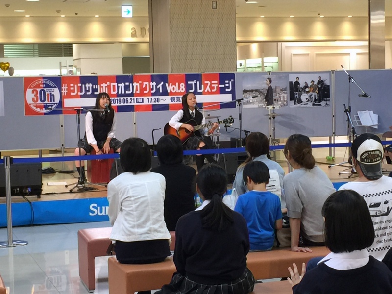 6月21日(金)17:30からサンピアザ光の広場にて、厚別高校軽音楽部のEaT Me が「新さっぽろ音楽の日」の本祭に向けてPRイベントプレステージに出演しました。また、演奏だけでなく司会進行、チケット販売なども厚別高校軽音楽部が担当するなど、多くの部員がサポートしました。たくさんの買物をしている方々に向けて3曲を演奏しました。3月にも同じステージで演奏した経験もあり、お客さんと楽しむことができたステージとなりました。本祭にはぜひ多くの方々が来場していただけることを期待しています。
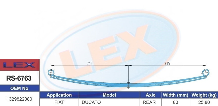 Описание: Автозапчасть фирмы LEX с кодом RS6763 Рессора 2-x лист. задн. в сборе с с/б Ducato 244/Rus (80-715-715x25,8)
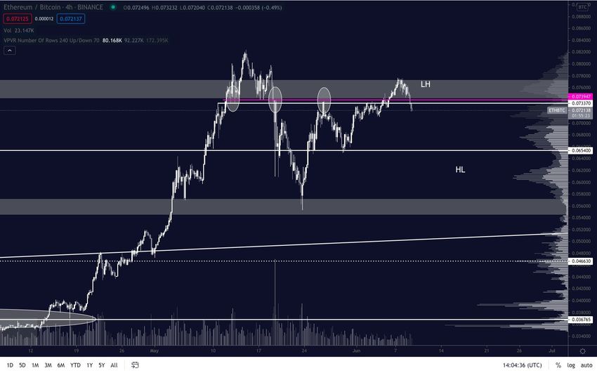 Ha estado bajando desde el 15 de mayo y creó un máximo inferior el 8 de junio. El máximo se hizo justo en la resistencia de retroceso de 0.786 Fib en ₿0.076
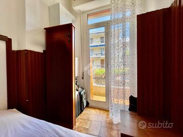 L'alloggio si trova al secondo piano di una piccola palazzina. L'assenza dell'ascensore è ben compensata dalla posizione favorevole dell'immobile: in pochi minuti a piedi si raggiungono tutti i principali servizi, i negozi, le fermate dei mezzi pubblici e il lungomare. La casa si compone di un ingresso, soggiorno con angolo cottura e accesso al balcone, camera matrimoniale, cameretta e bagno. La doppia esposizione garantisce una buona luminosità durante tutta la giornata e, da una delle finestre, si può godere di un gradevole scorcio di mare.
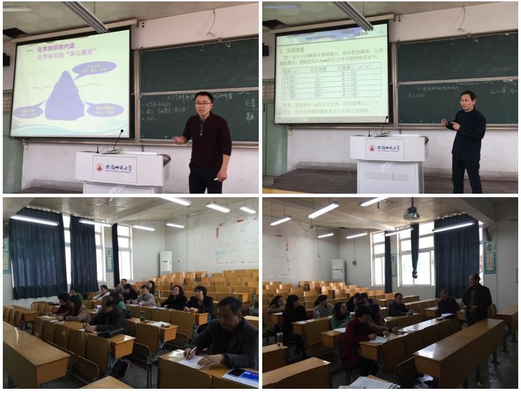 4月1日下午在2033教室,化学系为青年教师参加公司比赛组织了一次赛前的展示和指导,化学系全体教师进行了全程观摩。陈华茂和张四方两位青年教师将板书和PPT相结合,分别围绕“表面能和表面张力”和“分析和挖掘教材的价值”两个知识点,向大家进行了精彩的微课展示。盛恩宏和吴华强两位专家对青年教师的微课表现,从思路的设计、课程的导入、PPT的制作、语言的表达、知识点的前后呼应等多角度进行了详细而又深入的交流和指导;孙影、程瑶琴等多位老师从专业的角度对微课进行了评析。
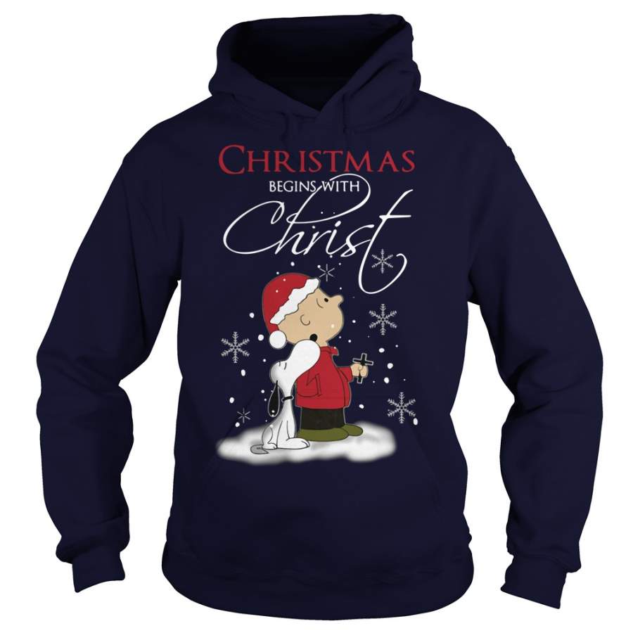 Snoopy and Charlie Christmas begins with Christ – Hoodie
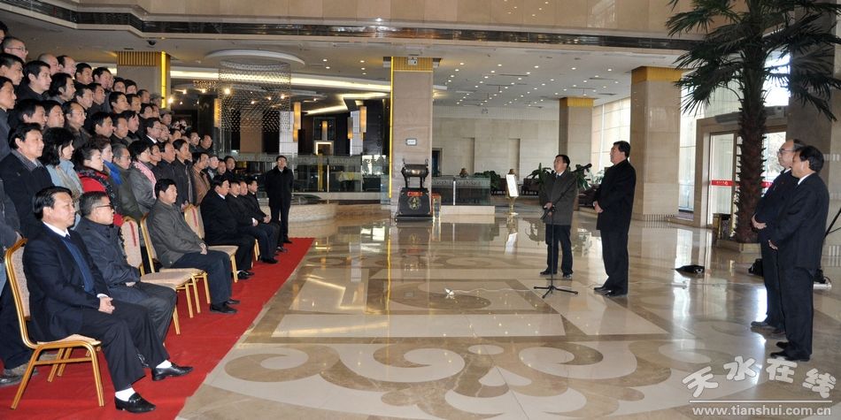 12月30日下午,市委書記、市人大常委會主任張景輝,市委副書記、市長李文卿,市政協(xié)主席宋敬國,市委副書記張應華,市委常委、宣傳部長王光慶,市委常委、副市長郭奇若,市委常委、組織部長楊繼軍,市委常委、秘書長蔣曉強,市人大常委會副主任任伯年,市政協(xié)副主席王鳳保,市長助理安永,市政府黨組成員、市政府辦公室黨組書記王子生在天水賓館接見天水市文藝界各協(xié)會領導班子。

*****

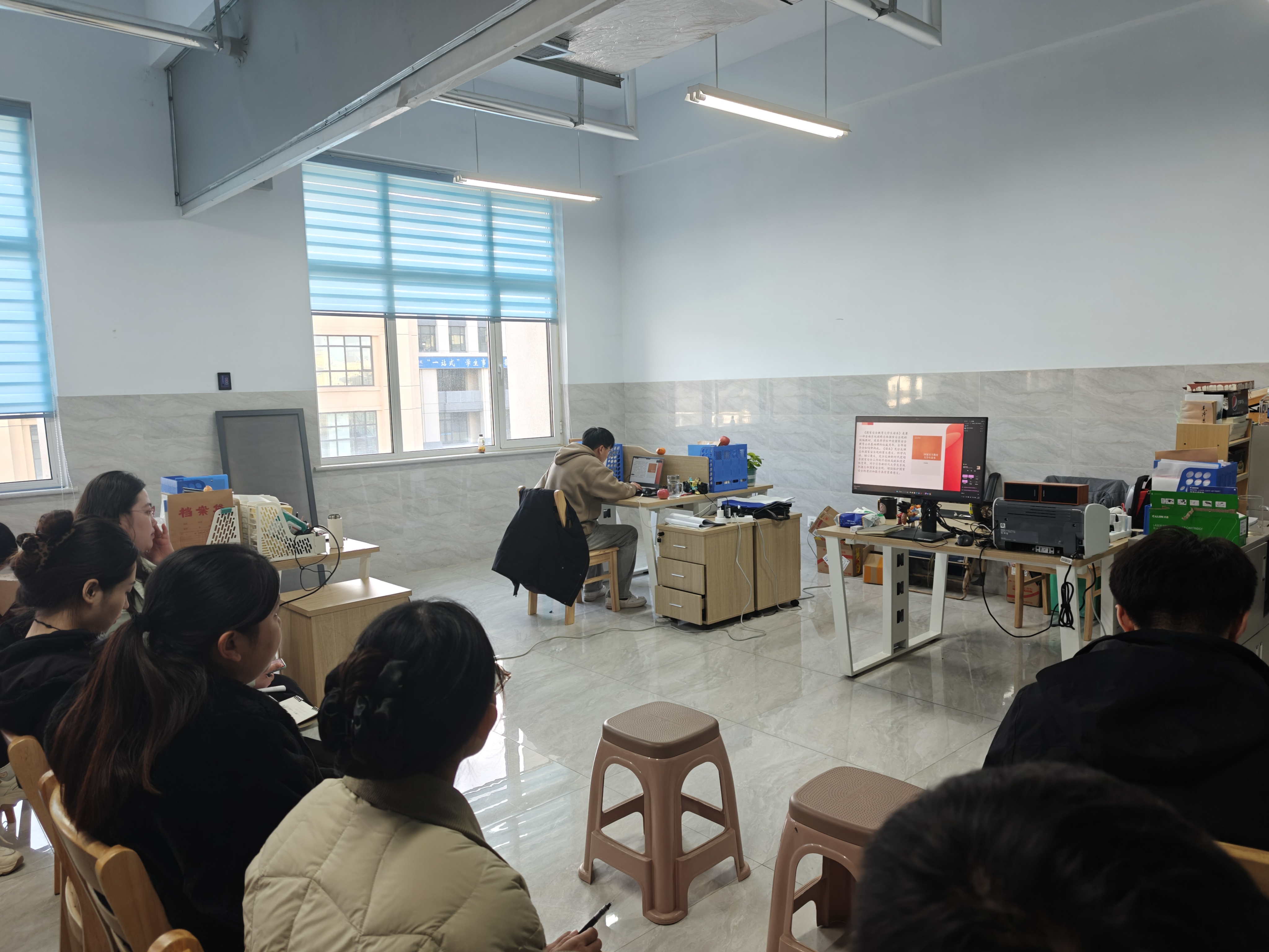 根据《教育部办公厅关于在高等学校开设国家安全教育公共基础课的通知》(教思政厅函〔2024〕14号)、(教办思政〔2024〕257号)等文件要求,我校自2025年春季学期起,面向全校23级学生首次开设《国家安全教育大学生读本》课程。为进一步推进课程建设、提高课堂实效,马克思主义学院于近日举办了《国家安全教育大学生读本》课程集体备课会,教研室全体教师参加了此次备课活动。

*****

**What is needed:** Extract the part of the records that opens with the line containing "4月1日下午在2033教室,化学系为青年" and closes with the line containing "12月30日下午,市委書記、". Take only those lines, exactly, and no pictures.

**Answer to this problem:**
 4月1日下午在2033教室,化学系为青年教师参加公司比赛组织了一次赛前的展示和指导,化学系全体教师进行了全程观摩。陈华茂和张四方两位青年教师将板书和PPT相结合,分别围绕“表面能和表面张力”和“分析和挖掘教材的价值”两个知识点,向大家进行了精彩的微课展示。盛恩宏和吴华强两位专家对青年教师的微课表现,从思路的设计、课程的导入、PPT的制作、语言的表达、知识点的前后呼应等多角度进行了详细而又深入的交流和指导;孙影、程瑶琴等多位老师从专业的角度对微课进行了评析。
 Snoopy and Charlie Christmas begins with Christ – Hoodie
 12月30日下午,市委書記、市人大常委會主任張景輝,市委副書記、市長李文卿,市政協(xié)主席宋敬國,市委副書記張應華,市委常委、宣傳部長王光慶,市委常委、副市長郭奇若,市委常委、組織部長楊繼軍,市委常委、秘書長蔣曉強,市人大常委會副主任任伯年,市政協(xié)副主席王鳳保,市長助理安永,市政府黨組成員、市政府辦公室黨組書記王子生在天水賓館接見天水市文藝界各協(xié)會領導班子。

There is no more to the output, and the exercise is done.